The Iraqi Poet Badr Shakir al-Sayyab
[Note: This is the 21st in a series of translations of selected letters of the noted Iraqi poet Badr Shakir al-Sayyab. For more information on the poet, click here.]
Letter #21
Al-Ma’qil, 9/17/1964
My Brother, Adunis. Dearest Beloved (along with Muhyi al-Din Muhammad). May I be lucky enough to find Muhammad.
O Dearest Friend,
How are you? Correspondence between us has stopped for about nine months now. The two reasons for this are bad luck and my incurable disease. My general health is not bad, but my two paralyzed legs are still the same. My soul is overflowing with poetry, but it is poetry that flows from the fountain of deep pain and dejection, not of delight. Just yesterday, I wrote a poem void of sadness, despair, and pain because our brother, ‘Ali al-Sabti, met with my loved ones in Lebanon and carried joyful news about them to me with a promise that they will send me a letter.

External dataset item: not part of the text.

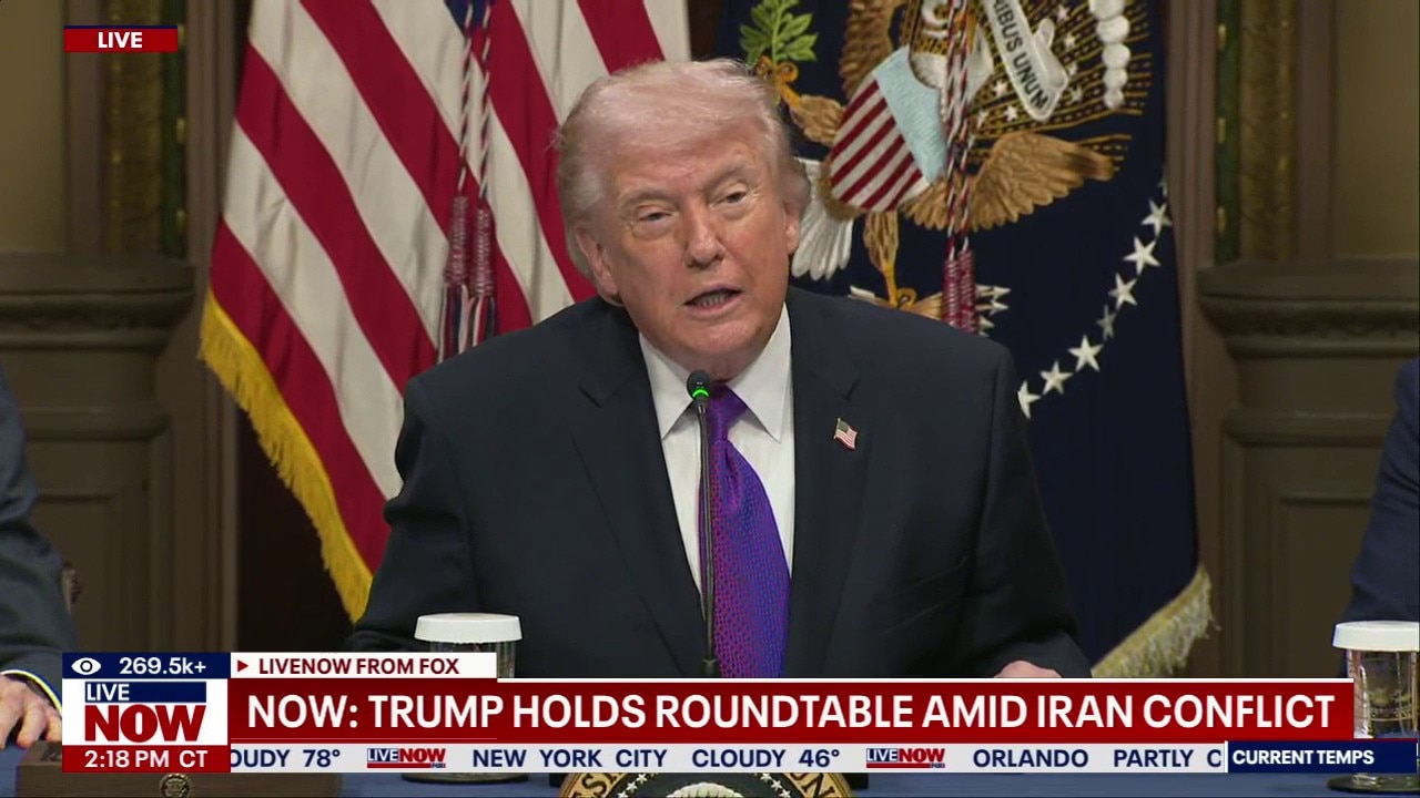 President Donald Trump met with tech leaders amid ongoing strikes on Iran. Trump spoke as U.S. forces ramp up strikes in the Middle East.

You are the only one among my friends in (Lebanon) whom I did not talk to about this love because I had never met with you except in the company of my wife! How could I have expressed myself to you?! What cured me was that love, not the medicine of that wretched German female doctor (without even a B.A degree or higher). Her love cured me just like the love of the poet, Robert Browning, cured the British poetess of rickets after she suffered from it for twenty years. Our encounter lasted for twenty days or less. Then my wife led me, just like the shepherd leads his sheep, to the ladder of the airplane and then to Iraq. How wretched I am with such a marriage, such a short lived encounter, and such a malignant disease.
‘Ali al-Sabti greets you. My regards to my sister, Khalida, and kisses to Arwad.
Didn’t I hear that you had a baby boy? What did you name him?
I did not date this letter until someone visited me and was able to mail it for me.
[From the book, al-Sayyab’s Letters, by Majid al-Samurra’i, (Beirut: Al-Mu’assasa al-‘Arabiya li-al-dirasat wa-al-Nashr, Second Edition, 1994, p. 243) Translated from the original Arabic and with an introduction by George Nicolas El-Hage, Ph.D., Columbia University.]